Он никогда не считал себя добряком и привык думать только о собственных нуждах.
В городке Коффинз Гроув очень немногие испытывали к нему мало-мальский интерес. Местные жители знали, что представлял из себя Джексон Берделл, но ни один из них и пальцем не пошевелил, чтобы помочь юному Люку. Да и зачем? Ведь он был отбросом, безродным сиротой, постоянно хамил старшим, при каждом удобном случае норовил что-нибудь стащить, и поэтому вполне заслуживал на хорошую порку.

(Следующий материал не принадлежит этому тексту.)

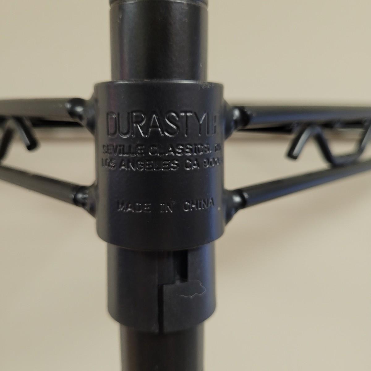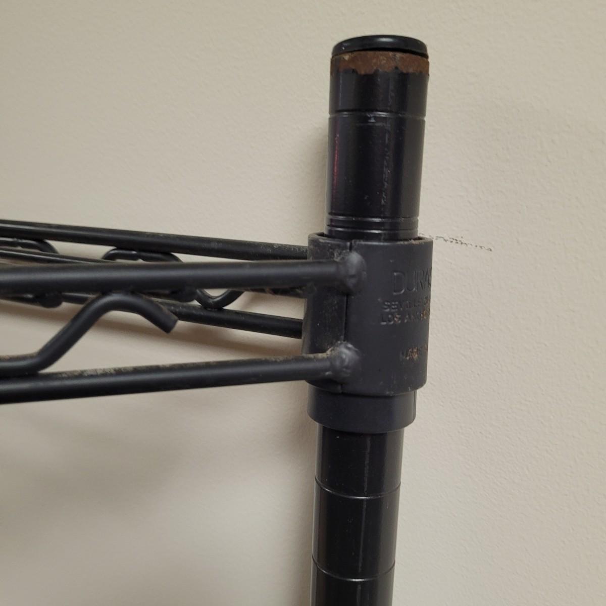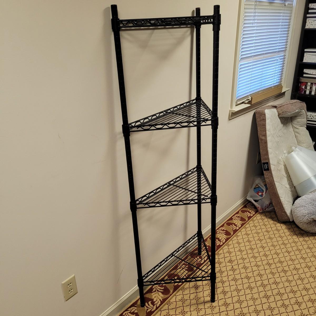 This lot includes a Durastyle brand black metal wire rack designed to fit the corner of a room. It has four tiers of shelves that are adjustable. No extra hardware is included.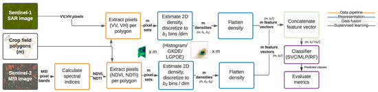 We consider a fixed-dimensional representation suitable as an input for any classifier, where the are center points of elements (bins) in an equally spaced grid G overlaid on the density’s support dimensions (pixel bands), so that G has B discretization intervals in each of the D dimensions, with a total of elements. is a probability density that we learn based on the object’s pixel collection X and then evaluate the density at the points of G to form the representation. We consider only cases with , where the channels are two SAR polarisations or the two vegetation indices for MSI, so that we can directly model the joint density. For higher-dimensional cases, an alternative approach is to estimate a marginal density for each channel separately and evaluate it along a grid of B elements, resulting in a representation for each band separately. A combined representation can then be obtained by concatenating these as .

Колтрейн старался за ним присматривать. Впрочем, как и милейший Лерой, познакомивший Люка с радостями секса, когда мальчишке стукнуло пятнадцать лет. Были и другие, которым тоже было до него дело, они тоже старались помочь, но, как правило, все заканчивалось пустопорожними разговорами, а Люк и дальше терпел побои.
А теперь он покидал проклятый городишко, пополнив местный бюджет кругленькой суммой, за счет которой можно было не только понизить горожанам налоги, но и позволить официантке Лорин вести довольно комфортабельный образ жизни.

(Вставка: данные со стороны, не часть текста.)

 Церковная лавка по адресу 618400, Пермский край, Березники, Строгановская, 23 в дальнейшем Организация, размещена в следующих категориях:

Черт, он на самом деле поступил как самый настоящий спаситель, подумал Люк с кислой улыбкой. Он даже позволил старому шкоднику Лерою Пелтнеру получить неплохую прибыль. А ведь именно Лерой хотел отправить юного Люка в колонию для несовершеннолетних, когда тот спер сигареты из торгового центра Пелтнера. Лерой постоянно твердил, что Люк попадет в тюрьму. Днем раньше, днем позже — какая разница?
В Коффинз Гроув остался лишь один человек, который не смог воспользоваться добром, нажитым Люком нечестным путем. Злобная старуха никогда не увидит ни цента из его денег.
Люку нравилось, чтобы деньги находились под рукой, чтобы их можно было легко перемещать туда- обратно. В Швейцарии у него имелись многочисленные счета на предъявителя. Тайники неподалеку от рекреационного центра ломились от ценных бумаг и пачек стодолларовых купюр. У Кальвина были собственные тайники, которые Люк постоянно пополнял новыми запасами. Коротышка был единственным человеком, которому доверял Люк, кроме того, он считал Кальвина своим должником.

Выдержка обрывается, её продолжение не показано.